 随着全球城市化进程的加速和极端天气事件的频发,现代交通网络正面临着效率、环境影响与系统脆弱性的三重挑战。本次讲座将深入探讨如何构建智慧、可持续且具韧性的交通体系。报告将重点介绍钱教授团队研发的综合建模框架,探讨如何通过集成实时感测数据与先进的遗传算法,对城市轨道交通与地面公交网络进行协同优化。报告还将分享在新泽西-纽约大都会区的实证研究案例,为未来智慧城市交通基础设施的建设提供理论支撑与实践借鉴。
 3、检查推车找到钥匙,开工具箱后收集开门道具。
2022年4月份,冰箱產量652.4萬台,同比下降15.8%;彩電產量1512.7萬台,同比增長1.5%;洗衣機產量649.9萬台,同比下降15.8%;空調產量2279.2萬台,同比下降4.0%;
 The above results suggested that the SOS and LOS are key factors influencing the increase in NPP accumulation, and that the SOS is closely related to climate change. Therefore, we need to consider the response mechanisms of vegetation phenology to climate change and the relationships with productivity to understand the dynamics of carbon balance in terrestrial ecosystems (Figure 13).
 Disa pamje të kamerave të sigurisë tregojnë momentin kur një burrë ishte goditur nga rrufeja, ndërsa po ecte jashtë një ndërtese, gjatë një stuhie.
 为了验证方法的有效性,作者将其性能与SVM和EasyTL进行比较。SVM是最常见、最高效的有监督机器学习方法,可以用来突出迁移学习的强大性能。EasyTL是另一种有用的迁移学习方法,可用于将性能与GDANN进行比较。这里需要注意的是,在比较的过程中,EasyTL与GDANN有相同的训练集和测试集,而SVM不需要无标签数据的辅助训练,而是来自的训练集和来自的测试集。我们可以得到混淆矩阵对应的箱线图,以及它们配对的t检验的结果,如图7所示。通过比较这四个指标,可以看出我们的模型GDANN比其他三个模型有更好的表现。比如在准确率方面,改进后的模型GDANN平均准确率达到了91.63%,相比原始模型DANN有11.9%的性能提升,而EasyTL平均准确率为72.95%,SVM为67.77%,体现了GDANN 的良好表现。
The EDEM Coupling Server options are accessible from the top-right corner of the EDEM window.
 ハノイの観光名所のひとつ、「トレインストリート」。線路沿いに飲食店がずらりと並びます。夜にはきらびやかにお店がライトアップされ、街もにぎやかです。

Directions for this task. Provide an exact reproduction of all the entries shown above.

Written answer.
 随着全球城市化进程的加速和极端天气事件的频发,现代交通网络正面临着效率、环境影响与系统脆弱性的三重挑战。本次讲座将深入探讨如何构建智慧、可持续且具韧性的交通体系。报告将重点介绍钱教授团队研发的综合建模框架,探讨如何通过集成实时感测数据与先进的遗传算法,对城市轨道交通与地面公交网络进行协同优化。报告还将分享在新泽西-纽约大都会区的实证研究案例,为未来智慧城市交通基础设施的建设提供理论支撑与实践借鉴。
 3、检查推车找到钥匙,开工具箱后收集开门道具。
2022年4月份,冰箱產量652.4萬台,同比下降15.8%;彩電產量1512.7萬台,同比增長1.5%;洗衣機產量649.9萬台,同比下降15.8%;空調產量2279.2萬台,同比下降4.0%;
 The above results suggested that the SOS and LOS are key factors influencing the increase in NPP accumulation, and that the SOS is closely related to climate change. Therefore, we need to consider the response mechanisms of vegetation phenology to climate change and the relationships with productivity to understand the dynamics of carbon balance in terrestrial ecosystems (Figure 13).
 Disa pamje të kamerave të sigurisë tregojnë momentin kur një burrë ishte goditur nga rrufeja, ndërsa po ecte jashtë një ndërtese, gjatë një stuhie.
 为了验证方法的有效性,作者将其性能与SVM和EasyTL进行比较。SVM是最常见、最高效的有监督机器学习方法,可以用来突出迁移学习的强大性能。EasyTL是另一种有用的迁移学习方法,可用于将性能与GDANN进行比较。这里需要注意的是,在比较的过程中,EasyTL与GDANN有相同的训练集和测试集,而SVM不需要无标签数据的辅助训练,而是来自的训练集和来自的测试集。我们可以得到混淆矩阵对应的箱线图,以及它们配对的t检验的结果,如图7所示。通过比较这四个指标,可以看出我们的模型GDANN比其他三个模型有更好的表现。比如在准确率方面,改进后的模型GDANN平均准确率达到了91.63%,相比原始模型DANN有11.9%的性能提升,而EasyTL平均准确率为72.95%,SVM为67.77%,体现了GDANN 的良好表现。
The EDEM Coupling Server options are accessible from the top-right corner of the EDEM window.
 ハノイの観光名所のひとつ、「トレインストリート」。線路沿いに飲食店がずらりと並びます。夜にはきらびやかにお店がライトアップされ、街もにぎやかです。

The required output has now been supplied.